The rightness/wrongness of an action also depends on whether it preserve or violate others’ rights (權利). • Actions not violating others’ rights are not wrong.
However, an action may still not be wrong even if it violates or limits someone’s rights in order to protect others’ rights. • E.g., abortion may not be wrong even if it violates the right to life of the fetus. • E.g., In order to protect the rights of minorities, the government may limit certain rights (e.g., the right of speech and the right of ownership) of the majority.
Different kinds of rights • Liberties • To say that a man has a right in the sense of a liberty is to say that no one can demand him not to do the thing which he has right to do. • E.g.: One has a liberty right to use a public area, such as a campsite in the country park. • However, preventing others from using the area by preoccupying it is permissible.
Claim-rights • Positive rights • if someone has a positive right to X, others have a (positive) duty provide X to her. • I.e.: It is wrong to fail to provide X to her. • Negative rights • if someone has a negative right to X, others have a (negative) duty not to prevent her from getting X. • I.e.: It is wrong to prevent her from getting X.
Moral Arguments • A moral argument is an argument the conclusion of which is a moral statement. • To argue the moral permissibility of an action is to form a moral argument.

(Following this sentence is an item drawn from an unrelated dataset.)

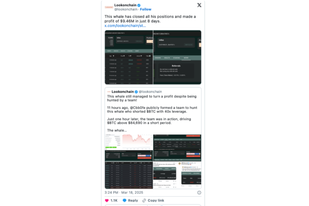 Την Κυριακή, μια φάλαινα του Bitcoin τράβηξε τα βλέμματα των crypto traders μετά την τοποθέτηση μιας short θέσης ύψους $445 εκατομμυρίων σε BTC perpetual futures με μόχλευση 40x – αποκομίζοντας $1,3 εκατομμύρια κέρδη εκείνη τη στιγμή.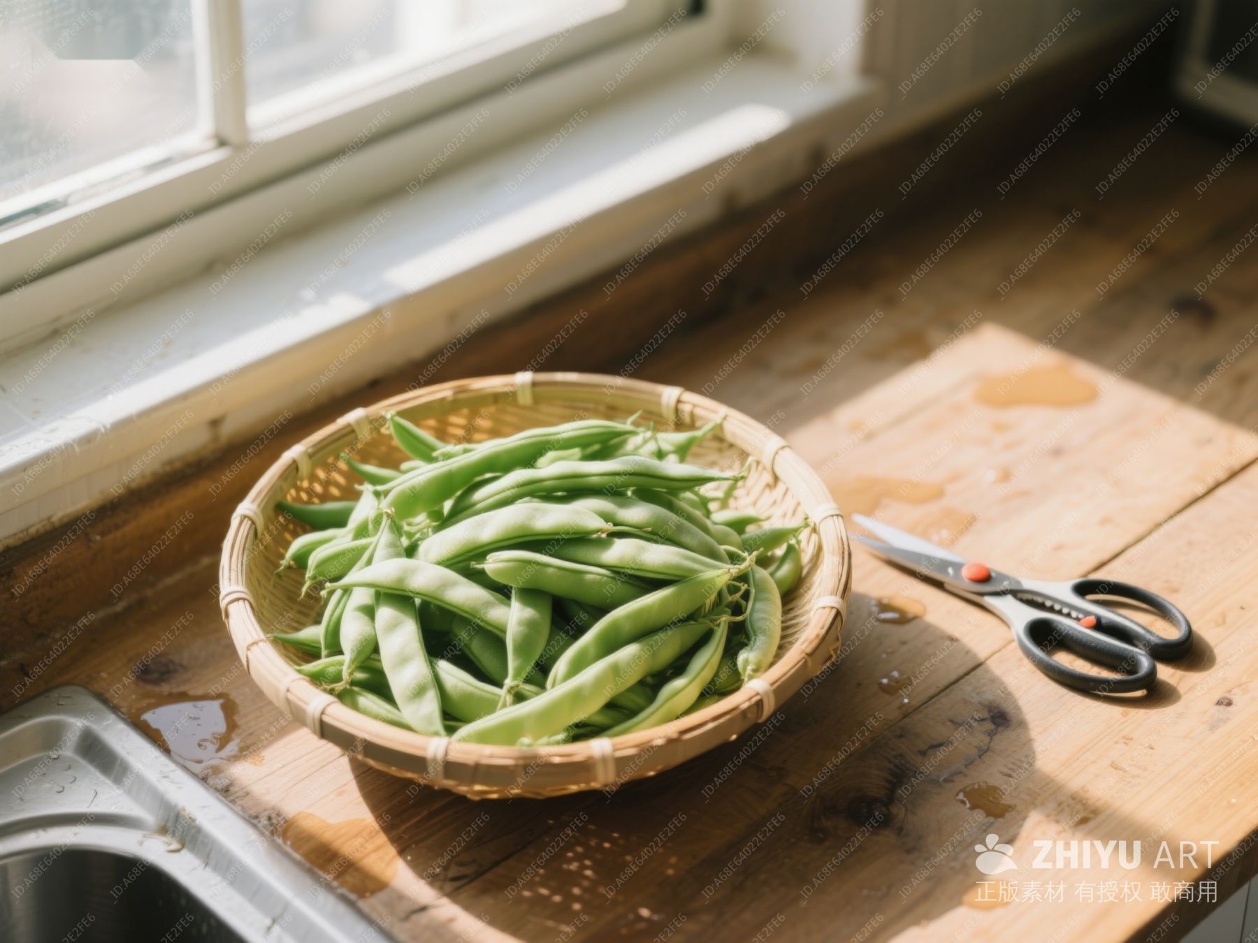 厨房桌上倾倒的篮子与新鲜豌豆 143

4 Types of Moral Arguments • Arguments based on moral principle • Structure: Action a has feature X (e.g., killing an innocent person). Principle: It is immoral to do something with feature X. Therefore: a is immoral. • Problem: it is difficult to find a principle without exceptions.
2. Arguments based on good-and-evil caculus. • Actions resulting in more evil than good are wrong. • However, some actions resulting in more good than evil are still judged to be morally impermissible. • E.g.: Killing a person in order to use his organs to save 5 people is wrong.
3. Arguments based on rights • E.g.: Same-sex marriage should be recognized because (1) its recognition does not violate anyone’s rights and (2) homosexuals should have the same rights as heterosexuals.
4. Arguments from analogy • We will discuss this in the next topic.